Esse aspecto metalingüístico - o texto discutindo a si mesmo - é
o protagonista do enredo. A obra, uma construção sobre um pântano,
como ele gostava de dizer, escorregadio como a própria realidade, relata
um ensaio teatral invadido por seis personagens que, tendo sido rejeitadas pelo
autor, se negam a morrer e tentam convencer atores e diretor a lhes dar uma
chance de encenar suas vidas.
Pressionado a ceder diante da força dessas personas que agem exigindo
autonomia arrisca deixá-las sair das sombras, numa atmosfera que mistura
o aparente e o real (é dele a frase Assim é se lhe parece),
significando transbordamentos existenciais, vozes que querem ser ouvidas, escapar
dos bastidores da criação, subir ao palco, chegar à cena,
ludibriar a censura (ou ao menos negociar com ela), representando um veto ao
controle do imaginário pelo racional. Mais do que múltiplos eus
do autor, como quis a crítica, parece tratar-se de um só, pois
a metáfora que melhor corporifica essa estrutura psíquica é
a da cebola, com suas várias camadas de identificação;
assim somos constituídos, por máscaras, na linguagem pirandelliana.
Se a literatura, além de um fenômeno estético, é
também uma manifestação cultural basta de antítese
entre história e ficção. Há que se interrogar sobre
as fronteiras entre elas, baseados no reconhecimento de que não existem
fatos brutos, até os verídicos são selecionados e submetidos
à interpretação subjetiva do historiador (passível
de erro, portanto), ambas falam da verdade, seja acontecida ou apenas possível,
desejável. Além disso, o criador um dia morre, enquanto a criatura
jamais, eternizada no papel - o que está em jogo é a permanência
da fantasia em comparação com o real sempre transitório,
imprevisível e, às vezes, com tintas de irreal ou surreal.

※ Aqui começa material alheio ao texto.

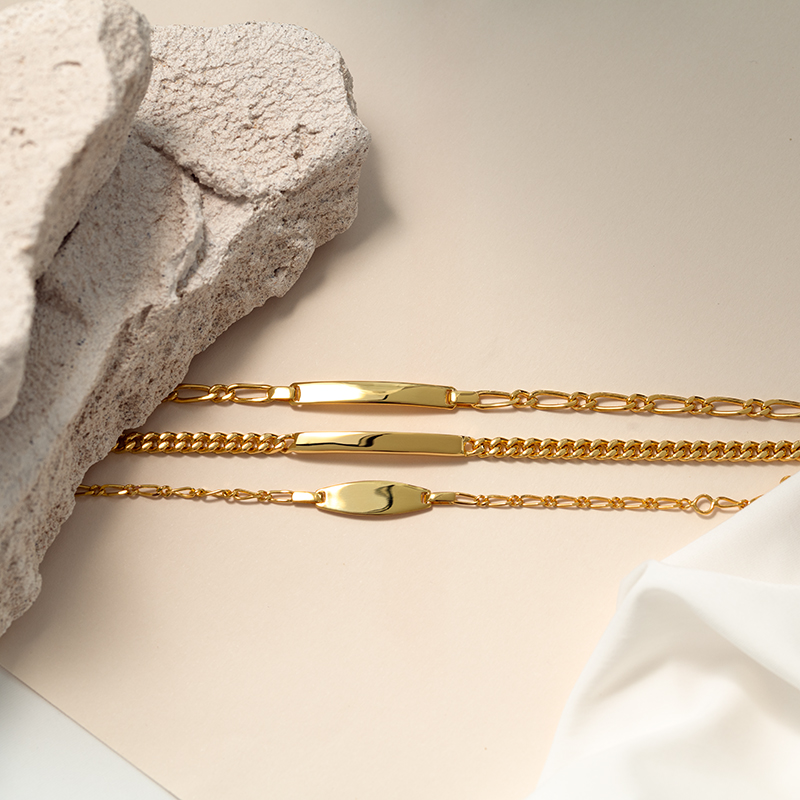 • das Armband bildet eine Figarokette, die aus drei runden Ösen im Wechsel mit einer länglichen besteht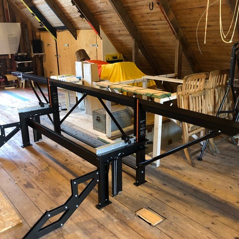 Solosåg M6 med förlängning. Går att såga 5,5 meter med. Motorsåg Stihl 064 med släde och Elsåg E5000.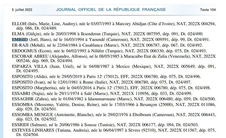 C'est écrit noir sur blanc au Journal officiel : depuis le 5 juillet 2022, Joel Embiid est naturalisé français ! Evasif sur la question lorsqu'il était interrogé, le pivot des Sixers est donc allé au bout de la démarche, et il peut donc désormais prétendre à une sélection en Equipe de France.

Mas será que esse traço, a fixidez da personagem, não teria
sido subvertido na contemporaneidade? Textos modernos - diferente do que sustentava
a narrativa convencional - têm demonstrado que as pistas, os sinais indicativos
podem ser enganosos, não é mais preciso se usar e abusar da coerência
como um gesso, na sua composição. Amós Oz, em A Caixa
preta, desenvolve um romance epistolar onde cartas revelam as diversas e
dissonantes versões dos sujeitos envolvidos nos mesmos eventos. Rosa
Monteiro, em A Louca da Casa, nos convida a embarcar na aventura de sua
vida fornecendo dados que levam a um determinado entendimento, para então,
do meio do livro em diante, mudar tudo e nos deixar no ar, enchendo-nos de dúvidas,
mas sobretudo advertindo-nos de que não deveríamos confiar cegamente
em todas as informações fornecidas.
Afinal, qual seria a distância entre personagem e autor? Sabemos que ela
nasce de reminiscências, mas também de projeções
e desejos, híbrida de figuras que o marcaram em suas leituras preferidas
com pessoas com quem se relacionou, os traços físicos e psíquicos
que as enlaçam; pode surgir de imagens, lembranças, ou ao contrário,
do inimaginável, do intangível, do não alcançável
por outra via. Como construí-la? Apenas deixando-se tomar, mesmo não
sabendo, a priori, como será, que contornos terá; passar a conhecê-la
no exato momento em que ela escorre da caneta para o papel, como quando somos
apresentados a alguém e ainda nada dele sabemos (saberemos, um dia? De
nós, ao menos?). Podemos nos enganar, como com freqüência
o fazemos, com sua aparência, suas vestes, seu jeito de falar, embarcar
numa suposição desenvolvida a partir de dados que levam a falsas
deduções.
Boas balizas ao montar uma personagem seriam: primeiro, suportar a inquietação
que antecede a escrita, sem precipitação, esperar o tempo de gestação,
único para cada caso. Depois mergulhar no imprevisível, com um
grau zero de expectativa, liberdade absoluta (pelo menos consciente), sem qualquer
amarra moral ou da razão. Proporcionar um espaço mítico
onde nasça, engatinhe e caminhe, sem interferências, idealizações,
ou com um mínimo delas, realisticamente falando. Uma relação
de respeito: que se molde sozinha e se apresente com todas as contradições.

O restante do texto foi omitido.